Ушел, хлопнув дверью, живет с тех пор один как сыч. «А может, и правильно, — думает Наталья Петровна. — Ведь я его уже не любила. Видела и пугалась: неужели это мой муж? Был бы он — не было б Леши».
— Чего ты сидишь тут?
Лена вошла так неслышно, что Наталья Петровна вздрогнула.
— Так, думаю…
— О чем?
— Обо всем понемногу. О том, например, как; мы будем встречать Новый год.
Лена подсаживается к матери, обнимает за плечи.
— Ты очень расстроишься, если я тебя брошу? Ты не можешь пойти к кому-нибудь из друзей?
Она заглядывает матери в глаза и видит в этих глазах неприкрытую радость.
— Ни капельки не расстроюсь! — сжимает ей руку мама. — Поеду к своим, проводим старый и встретим новый, потанцуем и поболтаем, а утром разъедемся по домам.
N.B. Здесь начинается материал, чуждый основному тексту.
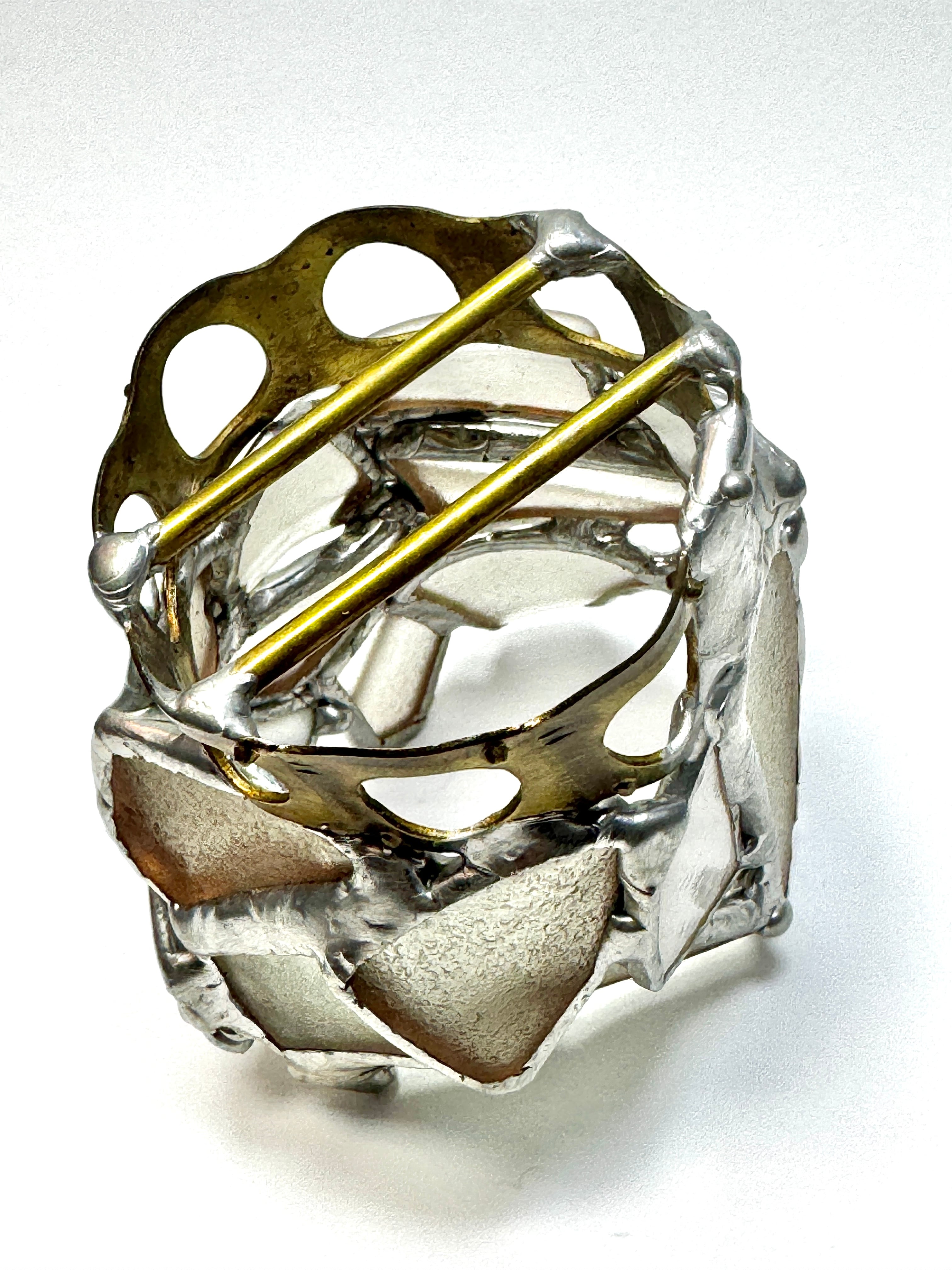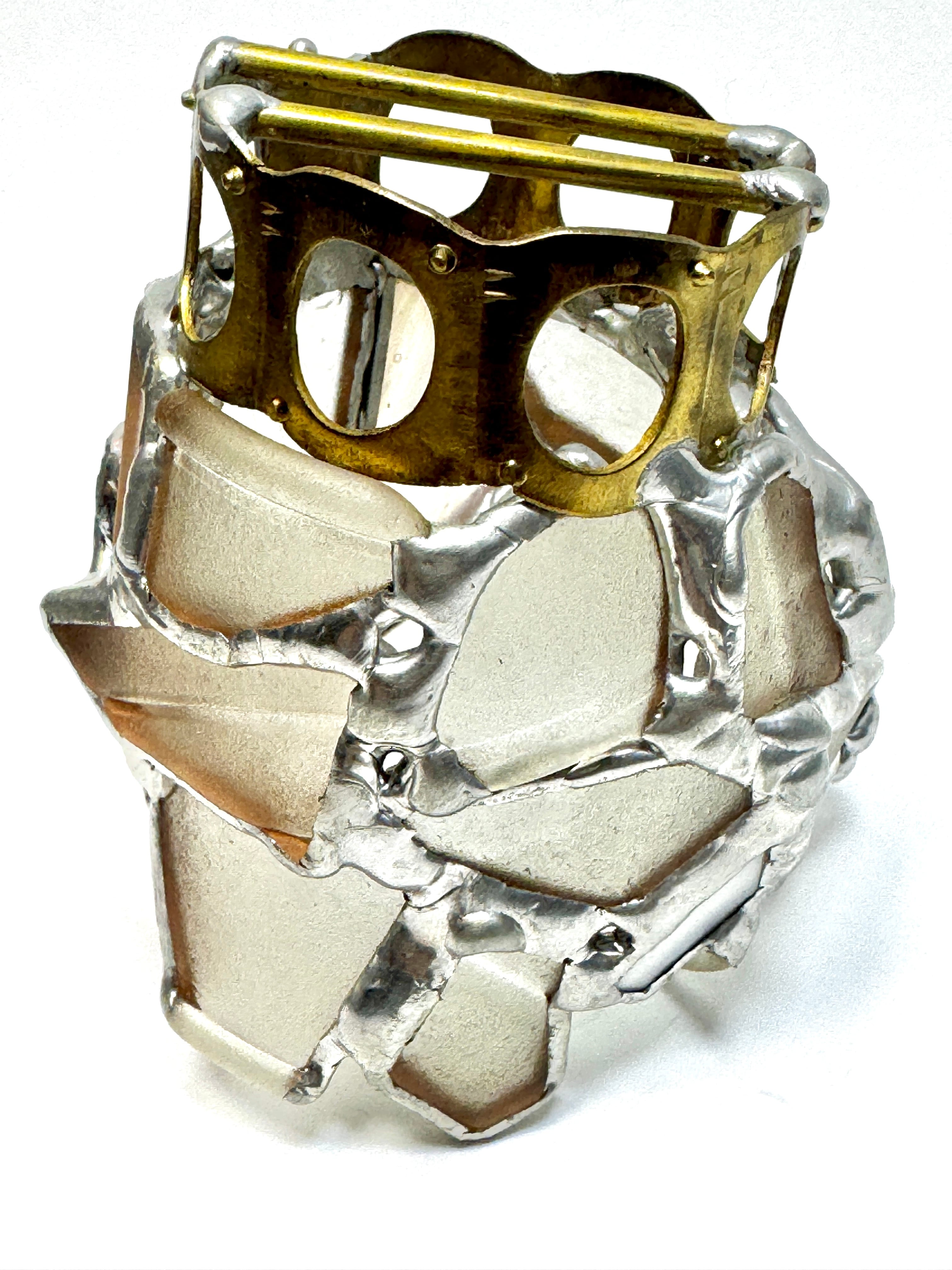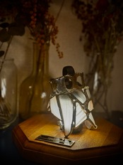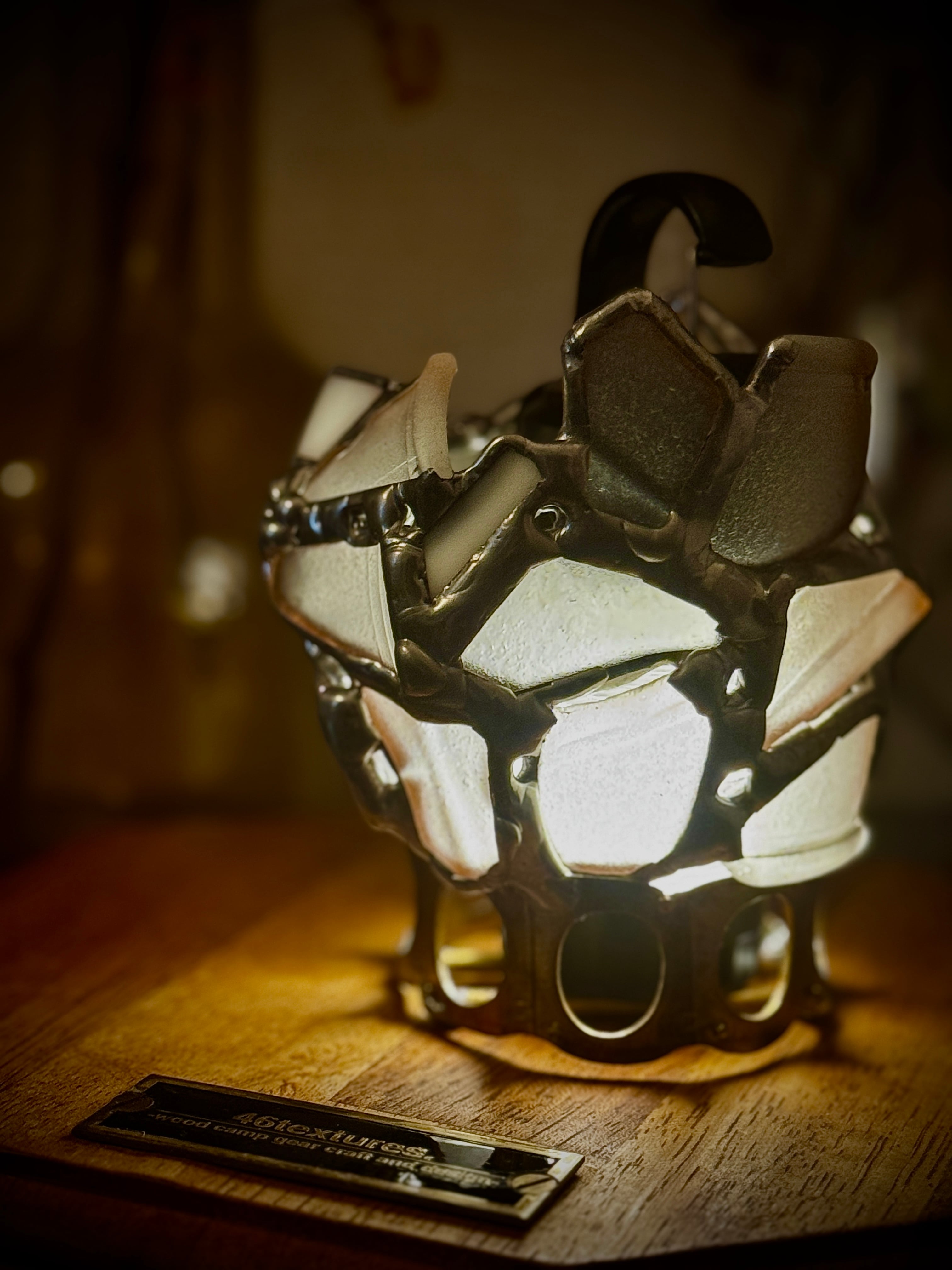 この作品は LEDLENSERさんのML4というLEDライトがピッタリハマるように作ってあります。その為、上部の真鍮針金部分は、今までのシェードと違い、ライトのフック部分が突き出て、上部で止まるように取り付けてあります。作品によって上部の形やバランスが違うため、水平に引っかかるように真鍮針金を微調整して仕上げてあります。

«Свои» — это друзья студенческих лет — шумная, не по возрасту молодая компания. Когда вваливаются они к матери на день рождения, шутят, смеются, поют под гитару — «Возьмемся за руки, друзья…», — неизменно поражается Лена их естественной, непритворной веселости. Как-то веселее они, кажется, жили. Несмотря на трижды проклинаемый строй — веселее.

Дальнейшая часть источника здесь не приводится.